§ **PROVIDED DATA**:
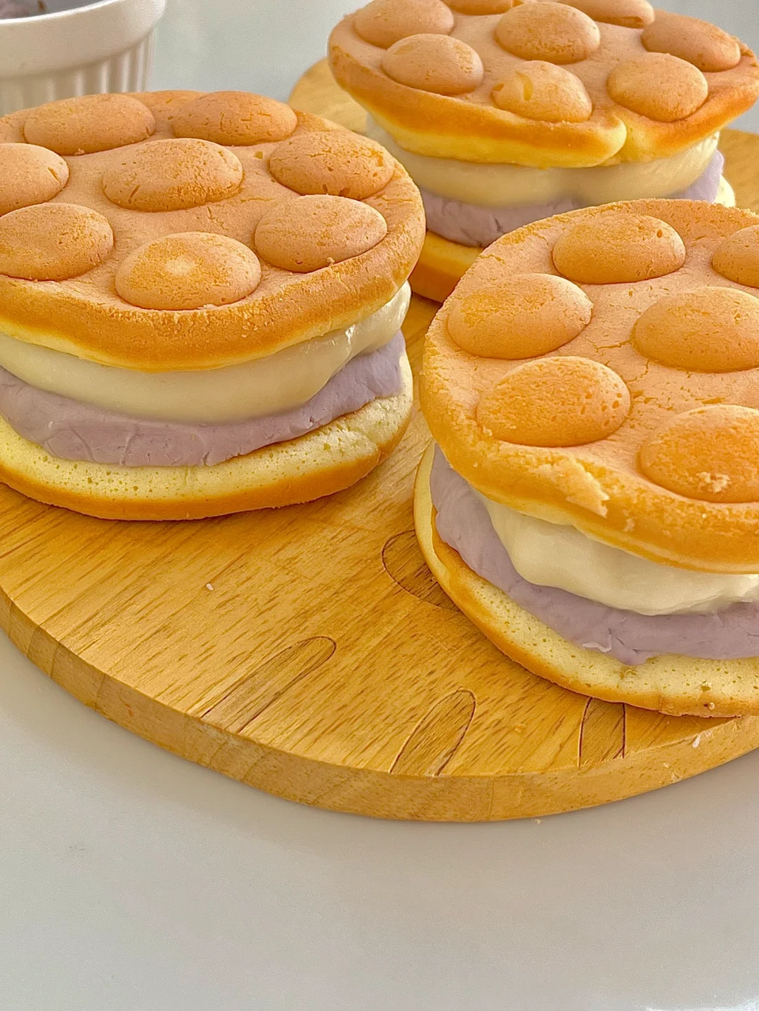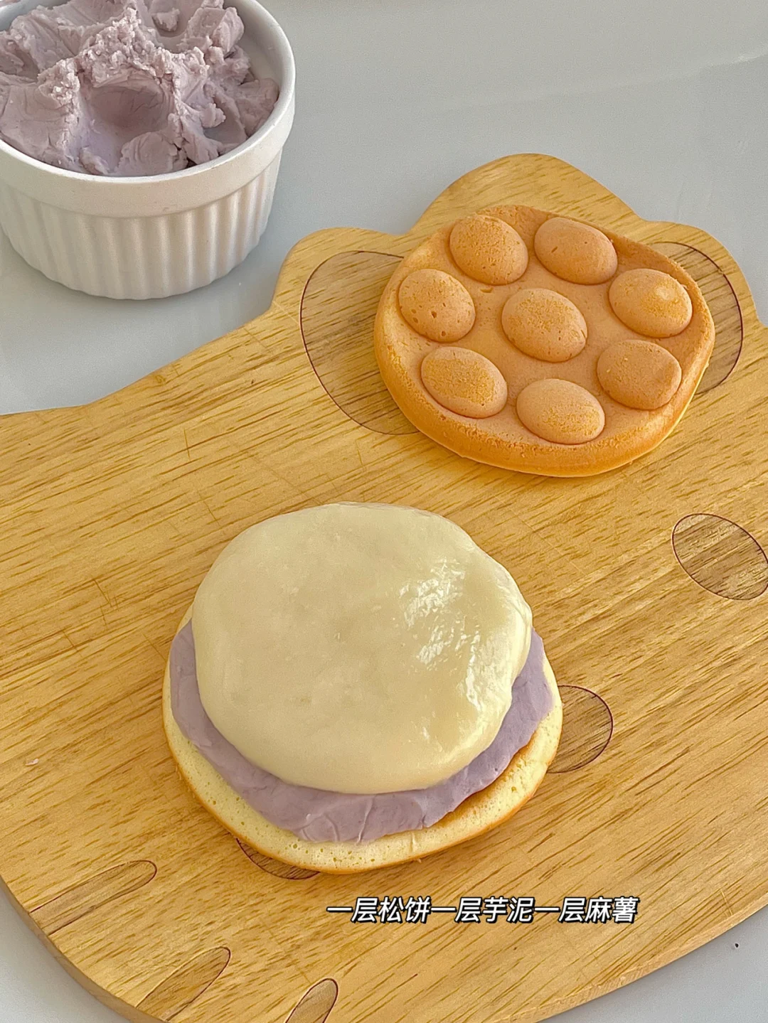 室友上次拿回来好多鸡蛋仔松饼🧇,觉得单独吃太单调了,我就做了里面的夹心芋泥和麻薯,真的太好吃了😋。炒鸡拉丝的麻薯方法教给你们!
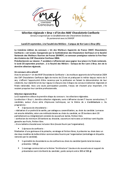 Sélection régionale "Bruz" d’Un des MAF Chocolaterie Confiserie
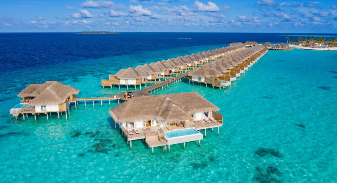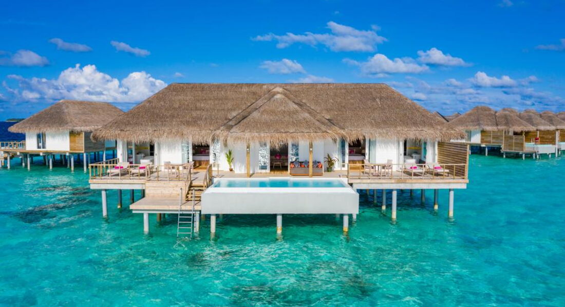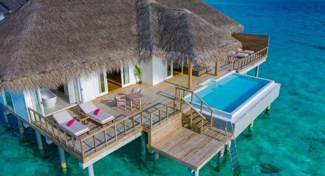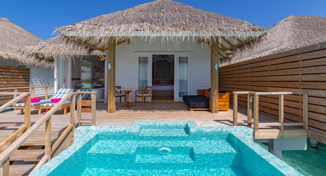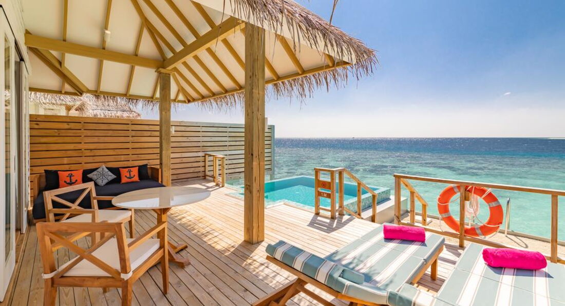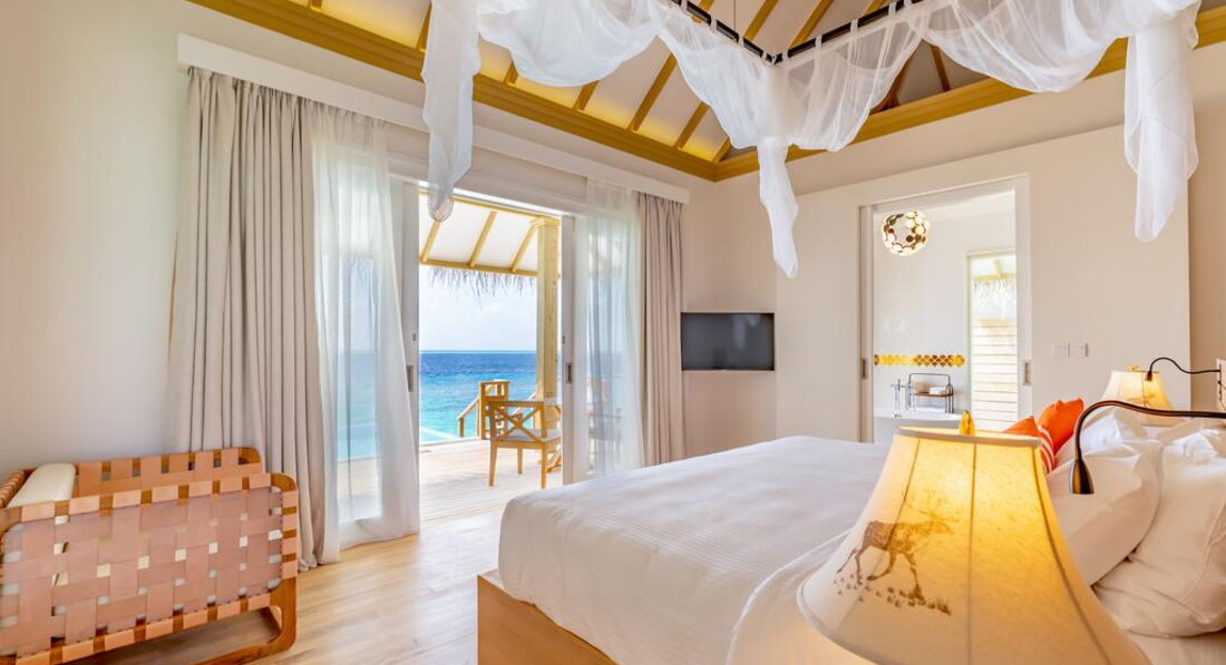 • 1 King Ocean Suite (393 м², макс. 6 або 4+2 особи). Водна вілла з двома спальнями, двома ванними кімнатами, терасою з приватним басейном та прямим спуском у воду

§ **WORK INSTRUCTIONS**: Restating the data word for word is the task, and pictures are to be omitted.

§ **WRITTEN SOLUTION**:
 室友上次拿回来好多鸡蛋仔松饼🧇,觉得单独吃太单调了,我就做了里面的夹心芋泥和麻薯,真的太好吃了😋。炒鸡拉丝的麻薯方法教给你们!
 Sélection régionale "Bruz" d’Un des MAF Chocolaterie Confiserie
 • 1 King Ocean Suite (393 м², макс. 6 або 4+2 особи). Водна вілла з двома спальнями, двома ванними кімнатами, терасою з приватним басейном та прямим спуском у воду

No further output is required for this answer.